Despite pledges to pull out of nuclear accord with Iran Trump has yet to give a definitive answer

Image Credit: AP
A security officer at the Bushehr nuclear power plant. President Donald Trump is weighing a new strategy to confront Iran’s nuclear ambitions that would leave a 2015 agreement intact for now but ask Congress to toughen a law overseeing the Islamic republic’s compliance with the accord.
Gulf News

Washington: President Donald Trump is weighing a new strategy to confront Iran’s nuclear ambitions that would leave a 2015 agreement intact for now but ask Congress to toughen a law overseeing the Islamic republic’s compliance with the accord, according to three administration officials.

The goal behind the strategy, which Trump is expected to announce next week, would be to present a unified front from the administration and Congress to European allies, according to the officials, who asked not to be identified discussing an issue on which the president hasn’t announced a final decision.

The officials declined to say if Trump would also “decertify” Iran’s compliance with the deal, a decision he has to make every 90 days under US law.

Trump has railed against the accord, which was brokered during the Obama administration, as the “worst deal ever” and an “embarrassment to the United States.”

Asked in an interview broadcast on Saturday if he would pull the US out of the Iranian nuclear deal, Trump said, “I won’t say that.”

“A few days from now, almost a week and a half to be exact, you’ll see.”

Before meeting with senior military leaders at the White House on Thursday evening, Trump told reporters, “We must put an end to Iran’s aggression and nuclear ambitions.”

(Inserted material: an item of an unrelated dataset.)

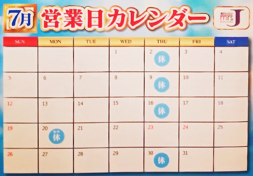 月曜日が定休日振替
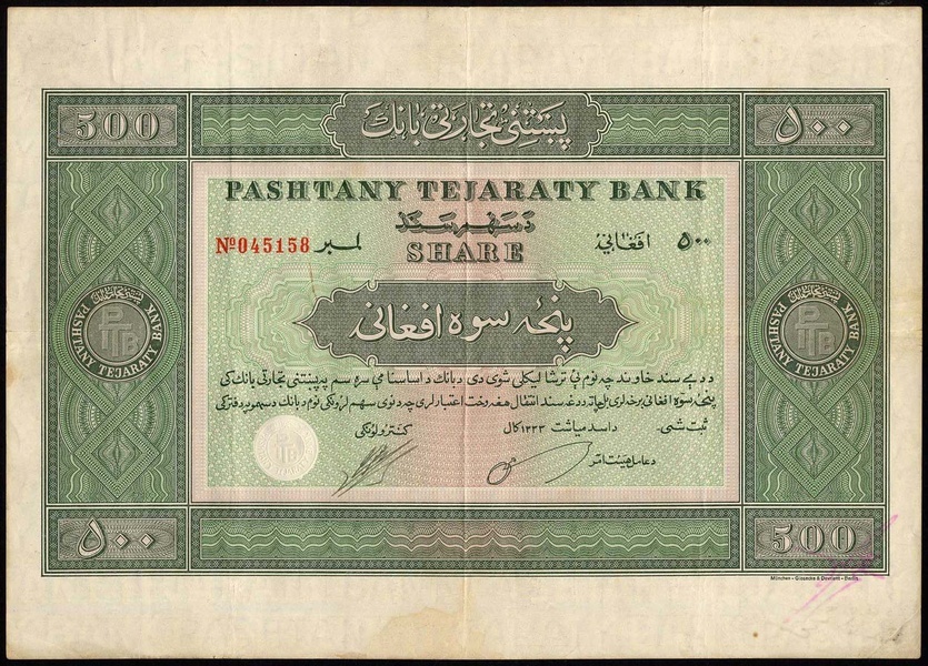 Afghanistan: Pashtany Tejaraty Bank, 500 Afghani share, circa 1955, No.145158, ornate border and underprint, green, printed by Giesecke & Devrient, Berlin, VF and scarce.

Saying that Iran hasn’t “lived up the spirit of the nuclear agreement,” Trump said “you’ll be hearing about Iran very shortly.”

But US allies that are part of the accord, as well as China and Russia, say it’s been effective. They point to assessments by the International Atomic Energy Agency that Iran is meeting requirements to curb its nuclear programme.

That hasn’t persuaded Trump.

Although the president has twice certified Iran’s compliance with the agreement, which lifted a range of economic sanctions in exchange for restrictions on the nuclear programme, he signalled in a July interview with the Wall Street Journal that he wouldn’t do so again before an approaching October 15 deadline.

White House spokeswoman Sarah Sanders gave a hint about the new approach in a briefing with reporters on Thursday, saying Trump will propose “a comprehensive strategy on how to deal with Iran” and will have “a unified team behind him supporting that effort.”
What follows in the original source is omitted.